HUBUNGAN KEMATANGAN EMOSI DAN PERILAKU PROSOSIAL PADA

KOMUNITAS PALANG MERAH INDONESIA (PMI) KOTA PRABUMULIH

Amanda Cantika Samha1, Yulfi Ramadhona2, Dea Dalina3, Salma Dini Zafira4, Sofyan
Hutamam5, M. Delvin Oknanda6.
UIN RADEN FATAH PALEMBANG1-6
e-mail: amandacantika2303@gmail.com
PENDAHULUAN
Manusia sebagai makhluk individu sekaligus makhluk sosial yang memiliki karakter
yang unik dan berbeda-beda satu dan lainnya. sebagai makhluk sosial, manusia juga
membutuhkan orang lain dalam kehidupannya. Sifat sosial merupakan cara manusia
berhubungan dengan manusia lainnya dalam berkegiatan. Manusia akan berati jika hidup
bersama dengan manusia lainnya dalam memenuhi kebutuhan sehari-hari. Dalam hal
memenuhi kebutuhan tersebut manusia melakukan kegiatan sosial yang dianggap baik serta
bermanfaat bagi kehidupan dan lingkungan sekitarnya disebut sebagai perilaku prososial.

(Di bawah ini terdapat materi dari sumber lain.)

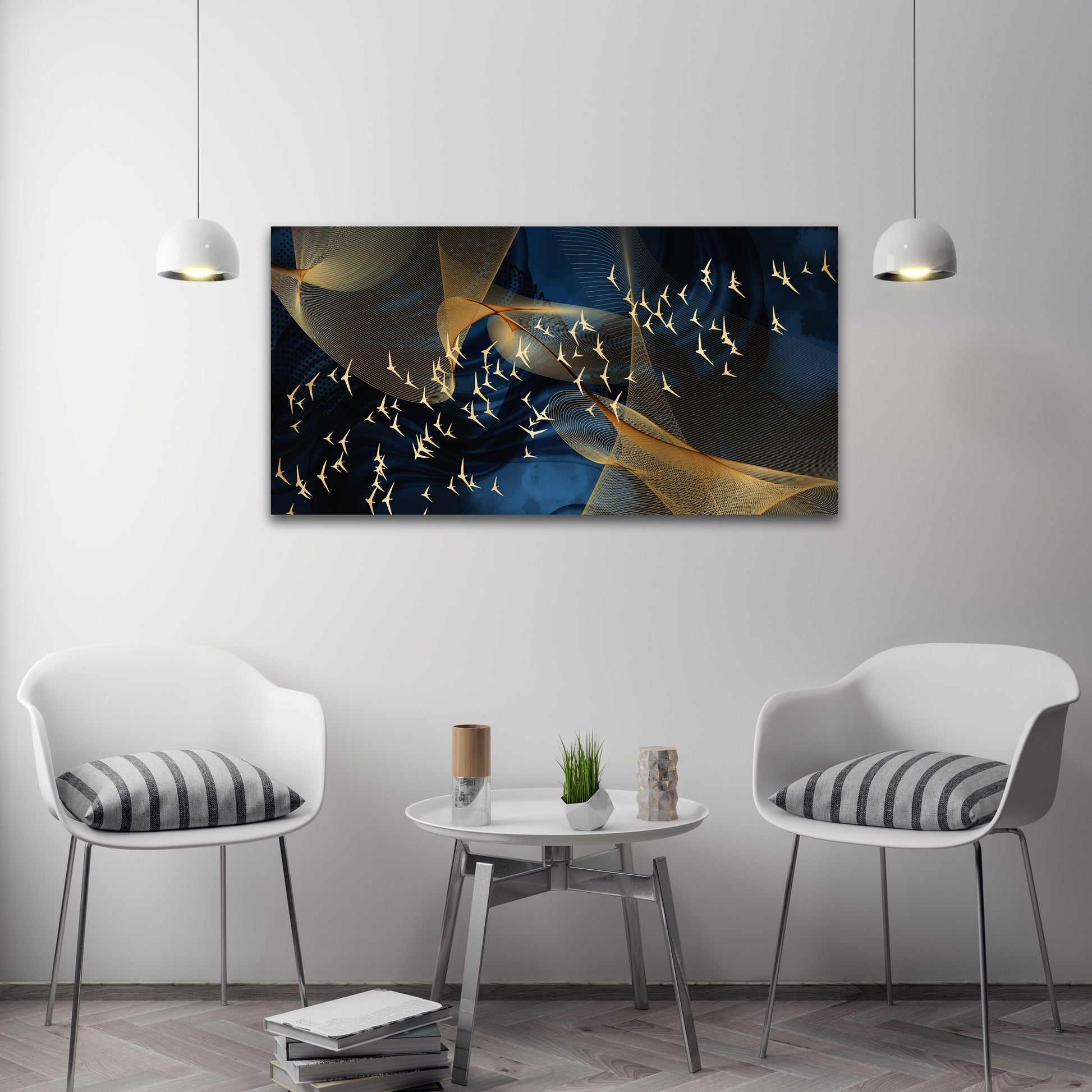 Blau-goldenes abstraktes Gemälde, trendiger abstrakter Leinwand-Wandkunstdruck, mehrteiliges extra großes Wandbild

Tingkah laku sosial dapat dihasilkan dari proses belajar terhadap lingkungannya. Contohnya
seperti perilaku tolong menolong. Model perilaku prososial dapat ditemui di dunia nyata
maupun sosial media yang cukup mendukung pembentukan perilaku prososial.
Contoh perilaku prososial lainnya, bisa kita lihat dari komunitas Palang Merah
Indonesia (PMI). Komunitas Palang Merah Indonesia (PMI) merupakan lembaga sosial
kemanusian yang netral dan mandiri yang didirikan dengan tujuan untuk membantu
meringankan penderitaan sesama manusia tanpa membedakan latar belakang korban atas
prioritas yang paling membutuhkan bantuan (PMI, 2005). Komunitas PMI juga memiliki
tugas, seperti menangani bencana, pelayanan sosial dan kesehatan masyarakat, pembinaan
PMR dan relawan, serta pelayanan transfusi darah untuk membantu masyarakat.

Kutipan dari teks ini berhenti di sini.